WORK REQUIRED> Where the data below shows a picture, leave that picture out and copy the rest exactly.

━━━━━ SUPPLIED INFORMATION

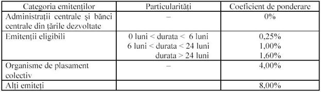 Riscul specific este apreciat diferit in functie de natura emitentului, fiind introdusa notiunea de emitent eligibil[2]. Acesti emitenti beneficiaza de un coeficient de ponderare mai scazut.
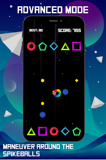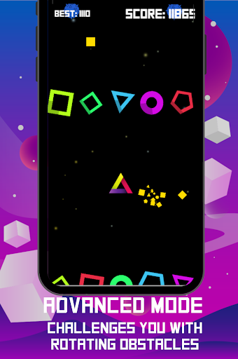 3. Advanced mode is for experienced players who search for a real challenge, just the best oft the best players with impressive reaction time and great visual memory can reach the end of the level. Towards the end the game speeds up as well as the obstacles start to rotate to truly challenge you.
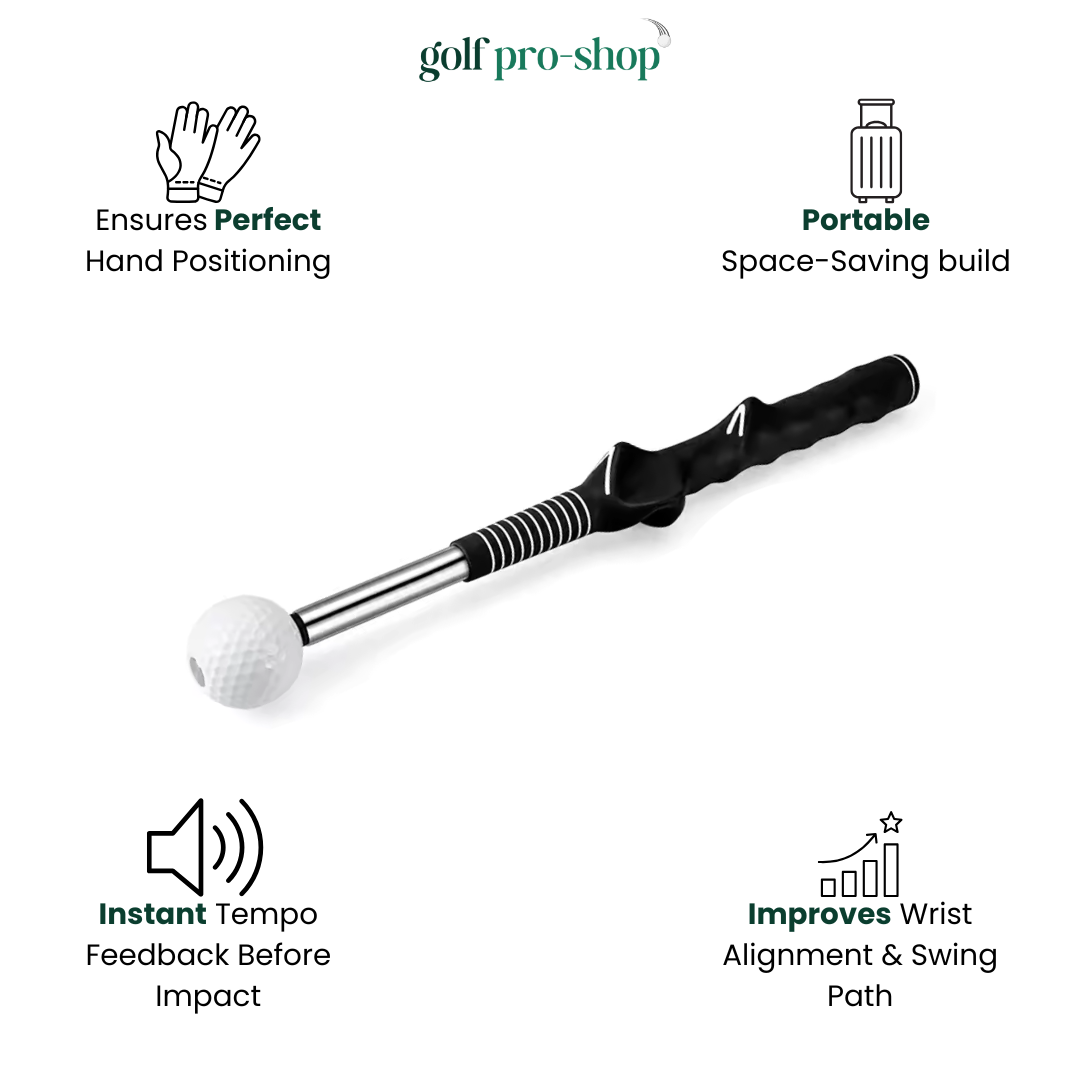 The trainer features a molded grip that teaches correct hand placement automatically, while the internal tempo click lets you know when you’ve hit peak swing speed for more power and consistency. Its compact telescopic design makes it easy to use anywhere—even indoors—so you can train without needing space. Built to feel like a real club, it delivers an authentic, natural swing motion that builds true muscle memory you can take straight to the course.

━━━━━━━━━━

SOLUTION FOR THIS PROBLEM>
 Riscul specific este apreciat diferit in functie de natura emitentului, fiind introdusa notiunea de emitent eligibil[2]. Acesti emitenti beneficiaza de un coeficient de ponderare mai scazut.
 3. Advanced mode is for experienced players who search for a real challenge, just the best oft the best players with impressive reaction time and great visual memory can reach the end of the level. Towards the end the game speeds up as well as the obstacles start to rotate to truly challenge you.
 The trainer features a molded grip that teaches correct hand placement automatically, while the internal tempo click lets you know when you’ve hit peak swing speed for more power and consistency. Its compact telescopic design makes it easy to use anywhere—even indoors—so you can train without needing space. Built to feel like a real club, it delivers an authentic, natural swing motion that builds true muscle memory you can take straight to the course.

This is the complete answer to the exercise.